Re: [RFC PATCH v2] membarrier: expedited private command
From: Peter Zijlstra
Date: Fri Jul 28 2017 - 04:55:58 EST
On Thu, Jul 27, 2017 at 05:13:14PM -0400, Mathieu Desnoyers wrote:
> +static void membarrier_expedited_mb_after_set_current(struct mm_struct *mm,
> + struct mm_struct *oldmm)
That is a bit of a mouth-full...
> +{
> + if (!IS_ENABLED(CONFIG_MEMBARRIER))
> + return;
> + /*
> + * __schedule()
> + * finish_task_switch()
> + * if (mm)
> + * mmdrop(mm)
> + * atomic_dec_and_test()
*
> + * takes care of issuing a memory barrier when oldmm is
> + * non-NULL. We also don't need the barrier when switching to a
> + * kernel thread, nor when we switch between threads belonging
> + * to the same process.
> + */
> + if (likely(oldmm || !mm || mm == oldmm))
> + return;
> + /*
> + * When switching between processes, membarrier expedited
> + * private requires a memory barrier after we set the current
> + * task.
> + */
> + smp_mb();
> +}
And because of what it complements, I would have expected the callsite:
> @@ -2737,6 +2763,7 @@ context_switch(struct rq *rq, struct task_struct *prev,
>
> mm = next->mm;
> oldmm = prev->active_mm;
> + membarrier_expedited_mb_after_set_current(mm, oldmm);
> /*
> * For paravirt, this is coupled with an exit in switch_to to
> * combine the page table reload and the switch backend into
to be in finish_task_switch(), something like:
diff --git a/kernel/sched/core.c b/kernel/sched/core.c
index e9785f7aed75..33f34a201255 100644
--- a/kernel/sched/core.c
+++ b/kernel/sched/core.c
@@ -2641,8 +2641,18 @@ static struct rq *finish_task_switch(struct task_struct *prev)

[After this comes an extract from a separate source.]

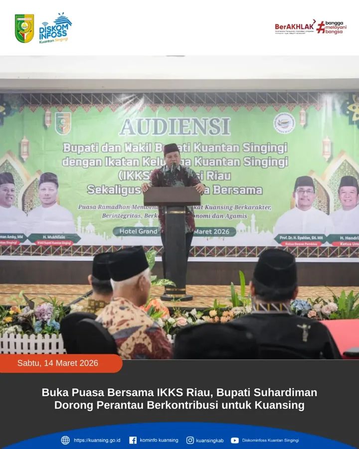 Hal tersebut disampaikan Bupati Suhardiman Amby saat menghadiri audiensi bersama Ikatan Keluarga Kuantan Singingi (IKKS) Provinsi Riau yang dirangkaikan dengan kegiatan buka puasa bersama di Pekanbaru, Sabtu (14/3/2026).
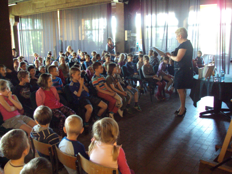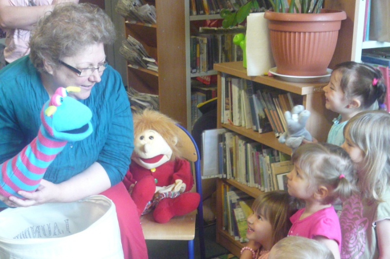 Aczkolwiek wieczór poświęcony Annie German był imprezą otwartą dla wszystkich, bez względu na wiek, to jednak nie da się ukryć, że z racji jego tematyki wzbudził on zainteresowanie głównie ludzi w kwiecie wieku. Jako instytucja publiczna pragnęliśmy jednak dotrzeć z naszą ofertą także do młodszych. Z myślą o nich przygotowaliśmy trzy imprezy: występ teatru MASKA dla gimnazjalistów, spotkanie z poetką dziecięcą i pedagogiem, panią Anną Kaca, na którym gościliśmy przedszkolaki i uczniów klas pierwszych szkoły podstawowej oraz, przygotowane specjalnie dla najmłodszych z Klubu Malucha sąsiadującego z nami Centrum Kultury, spotkanie z panią Małgorzatą Karasińską. Jak wiadomo imprezy dla najmłodszych wymagają innego podejścia organizacyjnego niż te kierowane do dorosłych. Chcąc uzyskać pożądaną frekwencję, nie można bowiem w ich wypadku ograniczać się jedynie do tradycyjnej promocji (plakaty, ulotki). W tym wypadku zaprocentowała, mająca kilkuletnią historię, współpraca z lokalnymi szkołami i przedszkolami, które z ochotą przyprowadziły swoich podopiecznych na organizowane przez nas imprezy. Tym bardziej, że organizując je mieliśmy na uwadze, oprócz dostarczenia rozrywki, także zapewnienie odpowiedniej wartości pedagogicznej. Spektakl przedstawiony przez młodych aktorów z teatru Maska, stanowił świetny przykład aktywnej profilaktyki antynarkotykowej. Spotkanie z Anną Kaca, pedagogiem z wykształcenia, łączyło w sobie dobrą zabawę z walorami edukacyjnymi. Natomiast pacynki za pomocą których pani Karasińska zabawiała maluchy, miały na celu budowanie wśród nich zainteresowania książkami i bibliotekami.

finish_arch_post_lock_switch();
fire_sched_in_preempt_notifiers(current);
+
+ /*
+ * For CONFIG_MEMBARRIER we need a full memory barrier after the
+ * rq->curr assignment. Not all architectures have one in either
+ * switch_to() or switch_mm() so we use (and complement) the one
+ * implied by mmdrop()'s atomic_dec_and_test().
+ */
if (mm)
mmdrop(mm);
+ else if (IS_ENABLED(CONFIG_MEMBARRIER))
+ smp_mb();
+
if (unlikely(prev_state == TASK_DEAD)) {
if (prev->sched_class->task_dead)
prev->sched_class->task_dead(prev);
I realize this is sub-optimal if we're switching to a kernel thread, so
it might want some work, then again, a whole bunch of architectures
don't in fact need this extra barrier at all.
> +static void membarrier_private_expedited(void)
> +{
> + int cpu, this_cpu;
> + bool fallback = false;
> + cpumask_var_t tmpmask;
> +
> + if (num_online_cpus() == 1)
> + return;
> +
> + /*
> + * Matches memory barriers around rq->curr modification in
> + * scheduler.
> + */
> + smp_mb(); /* system call entry is not a mb. */
> +
Weren't you going to put in a comment on that GFP_NOWAIT thing?
> + if (!alloc_cpumask_var(&tmpmask, GFP_NOWAIT)) {
You really want: zalloc_cpumask_var().
> + /* Fallback for OOM. */
> + fallback = true;
> + }
> +
> + /*
> + * Skipping the current CPU is OK even through we can be
> + * migrated at any point. The current CPU, at the point where we
> + * read raw_smp_processor_id(), is ensured to be in program
> + * order with respect to the caller thread. Therefore, we can
> + * skip this CPU from the iteration.
> + */
> + this_cpu = raw_smp_processor_id();
So if instead you do the below, that is still true, but you have the
opportunity to skip moar CPUs, then again, if you migrate the wrong way
you'll end up not skipping yourself.. a well.
> + cpus_read_lock();
> + for_each_online_cpu(cpu) {
> + struct task_struct *p;
> +
if (cpu == raw_smp_processor_id())
continue;
> + rcu_read_lock();
> + p = task_rcu_dereference(&cpu_rq(cpu)->curr);
> + if (p && p->mm == current->mm) {
> + if (!fallback)
> + __cpumask_set_cpu(cpu, tmpmask);
> + else
> + smp_call_function_single(cpu, ipi_mb, NULL, 1);
> + }
> + rcu_read_unlock();
> + }
> + cpus_read_unlock();
This ^, wants to go after that v
> + if (!fallback) {
> + smp_call_function_many(tmpmask, ipi_mb, NULL, 1);
> + free_cpumask_var(tmpmask);
> + }
Because otherwise the bits in your tmpmask might no longer match the
online state.
> +
> + /*
> + * Memory barrier on the caller thread _after_ we finished
> + * waiting for the last IPI. Matches memory barriers around
> + * rq->curr modification in scheduler.
> + */
> + smp_mb(); /* exit from system call is not a mb */
> +}